2. Slowly, through the feed tube, drizzle the iced water while simultaneously pressing the pulse button.  This step is critical – don’t over mix the dough as it will quickly toughen.  You want to “pulse” it just until it holds together.

3. Lay a piece of plastic wrap on the counter and turn the dough out onto it.  Separate into 2 equal-size amounts. With very gently pressure, first form the mixture into a ball, then using the flat of your hands press it into a flat disc.  Remember, the less you handle and maul the pie dough, the flakier the result.

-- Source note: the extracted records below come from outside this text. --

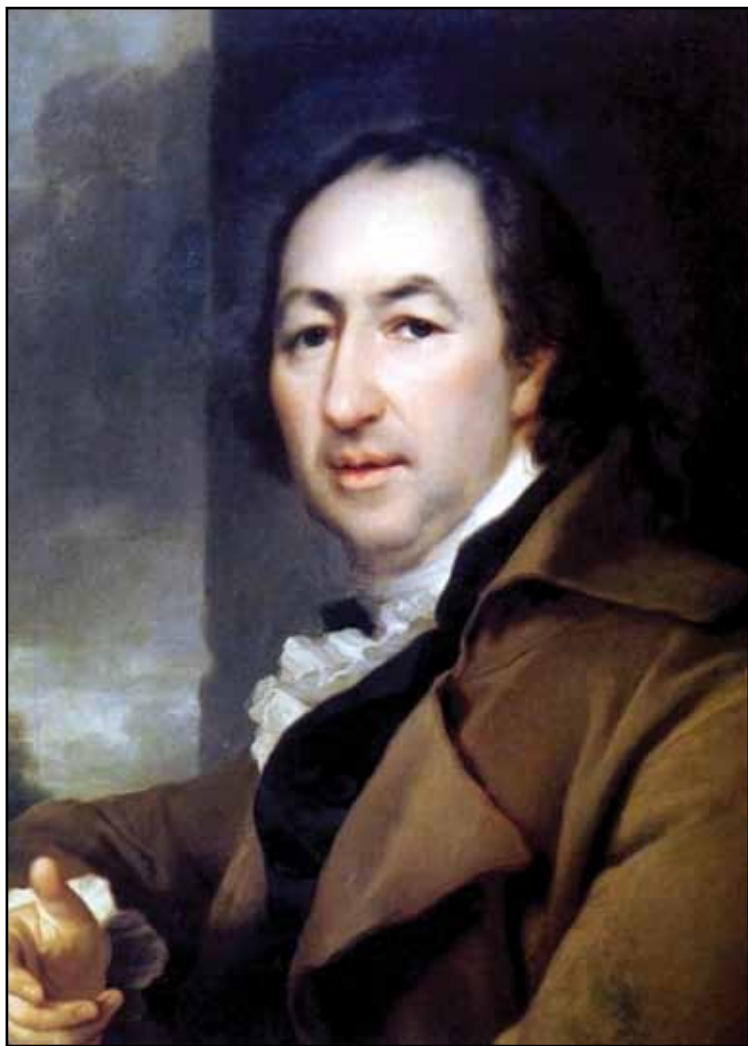
Портрет Н. И. Новикова. 1797
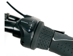
O3 - 3 versnellingen O7 - 7 versnellingen
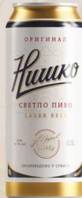
PIVO 0,5L LIMENKA
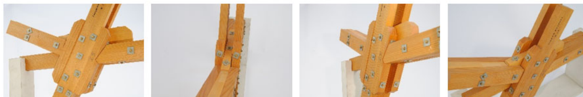
Abbildung 2: Auszug einer Bildserie – Zweigelenk-Rahmenecke
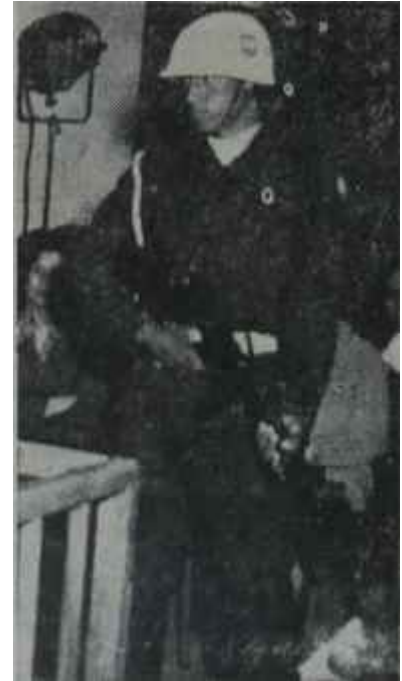
Esneyen sanık ve nöbetçisi Mehmetçik Kafaya şimdi dank etti
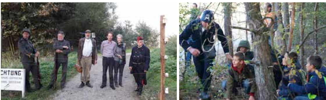
Reenactment in Sint Gillis-Waes en Hamont-Achel.
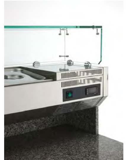
Détails de la vitrine portebacs (bacs GN non inclus)
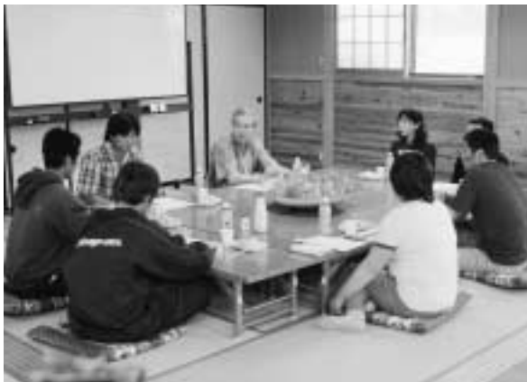
知事を囲んで話し合い
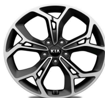
Cerchi in lega 19" GT Line 245/45R19
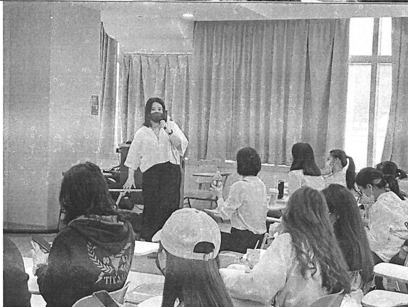
講師講解如 何控制成本

4. Wrap the plastic around the disc and refrigerate it for one hour. *(You can refrigerate it up to three days before or freeze it for a month.  I often will double or quadruple the recipe, freezing several crusts at once so that I always have a supply for last minute pies.)

5. On a floured counter top roll out the pastry to fit a nine-inch pie plate.  You need about a one-inch overhang for crimping/fluting the edges. Transfer the rolled out dough to the pie plate.

6. Roll out the second disc in the same manner. Transfer the pastry to a cookie sheet that you have lined with waxed or parchment paper. Cut the pastry into 12 strips, approximately ½ inch wide. Place in the fridge until the filling is prepared and poured into the prepared shell.

7. Lay the first 6 strips horizontally across the top of the pie. Beginning at one end and using the next 6 strips of pastry, lay the first strip across the pie vertically. Now lift and weave the strip through the first layer of strips, creating a “woven, lattice” pattern. Repeat with remaining strips to cover the pie. Crimp the edges of the bottom crust with the latticed top crust.

8. Sprinkle with the topping in the recipe.

Filling and Lattice Directions:
1. Blend all of the Filling ingredients together. Transfer to the prepared pie crust and cover with the Lattice Topping ingredients.

2. Cover just the edge of the pie crust with foil. Bake at 450 degrees for 15 minutes, then 350 degrees for 40 minutes until firm and brown. Remove the foil in the last 10 minutes of baking.

3. Be certain that the pie really does feel firm to the touch when finished. The flour acts much the way cornstarch or arrowroot does, thickening the sour cream, and the filling should not be runny but has an almost pudding-like consistency.